Exercise data section start

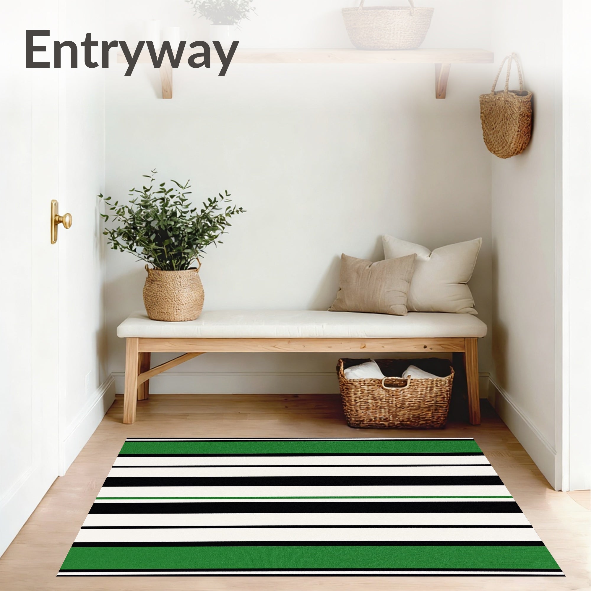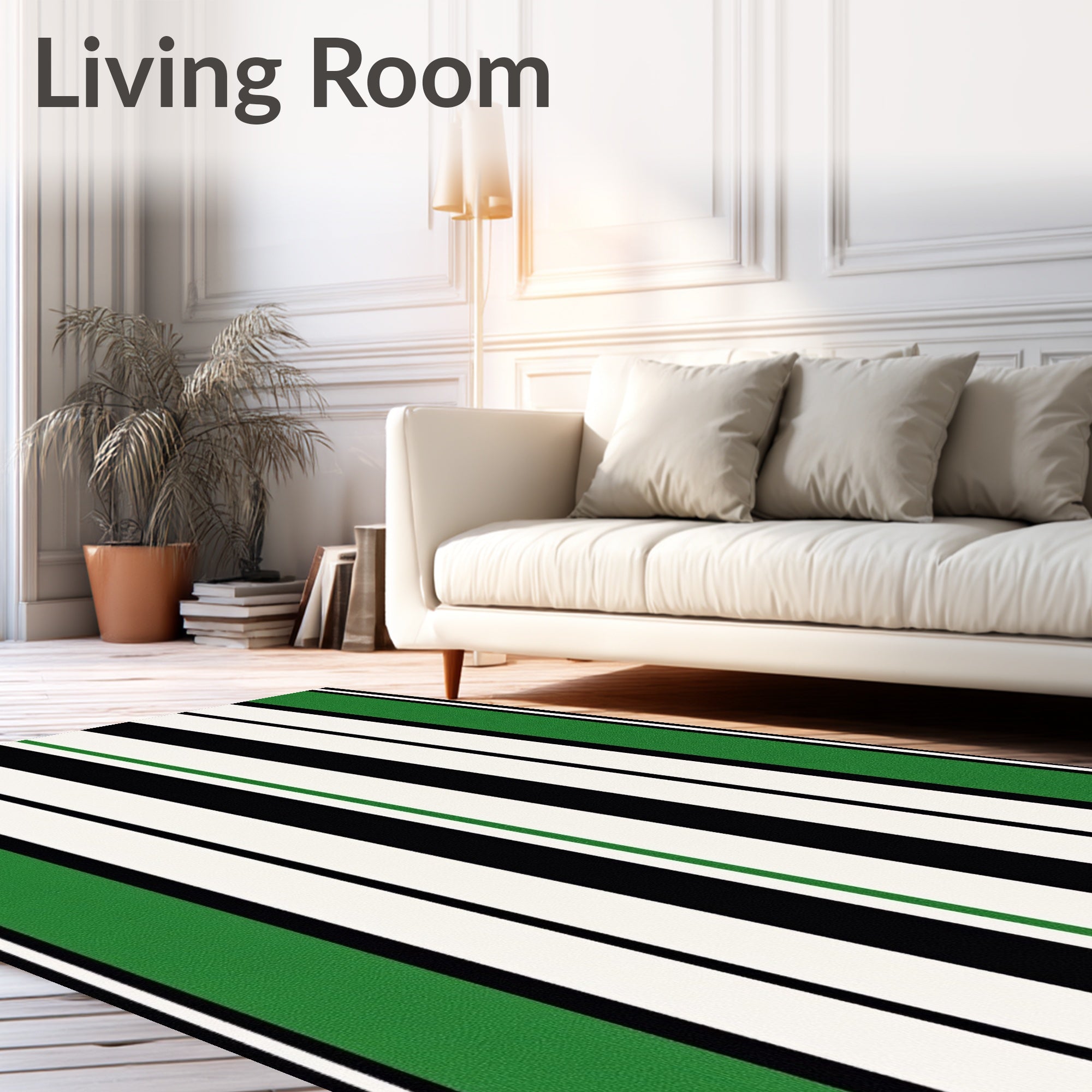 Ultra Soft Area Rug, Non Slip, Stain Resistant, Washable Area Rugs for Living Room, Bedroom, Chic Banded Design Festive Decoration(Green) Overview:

Exercise data section end
Exercise data section start

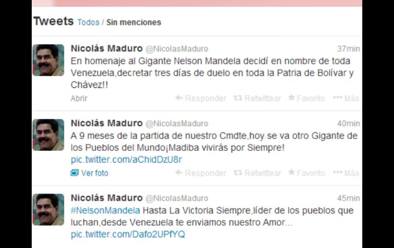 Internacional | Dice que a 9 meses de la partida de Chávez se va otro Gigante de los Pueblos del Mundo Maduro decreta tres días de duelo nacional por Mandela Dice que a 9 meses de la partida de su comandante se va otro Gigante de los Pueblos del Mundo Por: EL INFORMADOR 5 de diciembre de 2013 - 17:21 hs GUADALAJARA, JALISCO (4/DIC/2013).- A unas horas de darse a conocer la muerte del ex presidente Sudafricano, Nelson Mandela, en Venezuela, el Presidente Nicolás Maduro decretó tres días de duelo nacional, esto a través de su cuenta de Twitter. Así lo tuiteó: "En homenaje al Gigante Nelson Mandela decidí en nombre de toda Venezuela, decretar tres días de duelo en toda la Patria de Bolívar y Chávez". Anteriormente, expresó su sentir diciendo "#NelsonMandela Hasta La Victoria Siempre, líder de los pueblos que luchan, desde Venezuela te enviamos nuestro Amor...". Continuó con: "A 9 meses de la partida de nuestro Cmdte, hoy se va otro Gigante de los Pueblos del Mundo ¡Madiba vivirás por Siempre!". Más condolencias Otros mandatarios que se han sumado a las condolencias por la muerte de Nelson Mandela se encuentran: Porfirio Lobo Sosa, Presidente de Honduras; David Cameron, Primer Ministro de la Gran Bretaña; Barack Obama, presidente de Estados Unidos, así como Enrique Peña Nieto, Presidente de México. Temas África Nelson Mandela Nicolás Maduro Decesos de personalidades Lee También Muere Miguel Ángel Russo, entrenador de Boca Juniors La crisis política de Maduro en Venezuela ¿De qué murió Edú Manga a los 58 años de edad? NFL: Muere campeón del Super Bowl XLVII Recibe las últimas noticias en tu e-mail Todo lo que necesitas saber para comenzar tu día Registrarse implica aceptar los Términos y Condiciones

Exercise data section end
Exercise data section start

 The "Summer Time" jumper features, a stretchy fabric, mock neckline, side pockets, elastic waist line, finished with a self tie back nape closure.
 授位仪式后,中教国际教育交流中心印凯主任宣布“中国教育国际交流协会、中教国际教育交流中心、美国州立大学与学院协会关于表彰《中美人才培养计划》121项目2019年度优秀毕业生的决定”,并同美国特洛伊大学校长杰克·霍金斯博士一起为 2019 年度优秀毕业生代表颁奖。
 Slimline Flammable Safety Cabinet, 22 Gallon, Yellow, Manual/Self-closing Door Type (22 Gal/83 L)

Exercise data section end

* The problem *
Start with the line above that contains "back nape closure." and stop after the line that contains "Slimline Flammable Safety". Output those lines exactly, and only those.

* Result of the exercise *
 The "Summer Time" jumper features, a stretchy fabric, mock neckline, side pockets, elastic waist line, finished with a self tie back nape closure.
 授位仪式后,中教国际教育交流中心印凯主任宣布“中国教育国际交流协会、中教国际教育交流中心、美国州立大学与学院协会关于表彰《中美人才培养计划》121项目2019年度优秀毕业生的决定”,并同美国特洛伊大学校长杰克·霍金斯博士一起为 2019 年度优秀毕业生代表颁奖。
 Slimline Flammable Safety Cabinet, 22 Gallon, Yellow, Manual/Self-closing Door Type (22 Gal/83 L)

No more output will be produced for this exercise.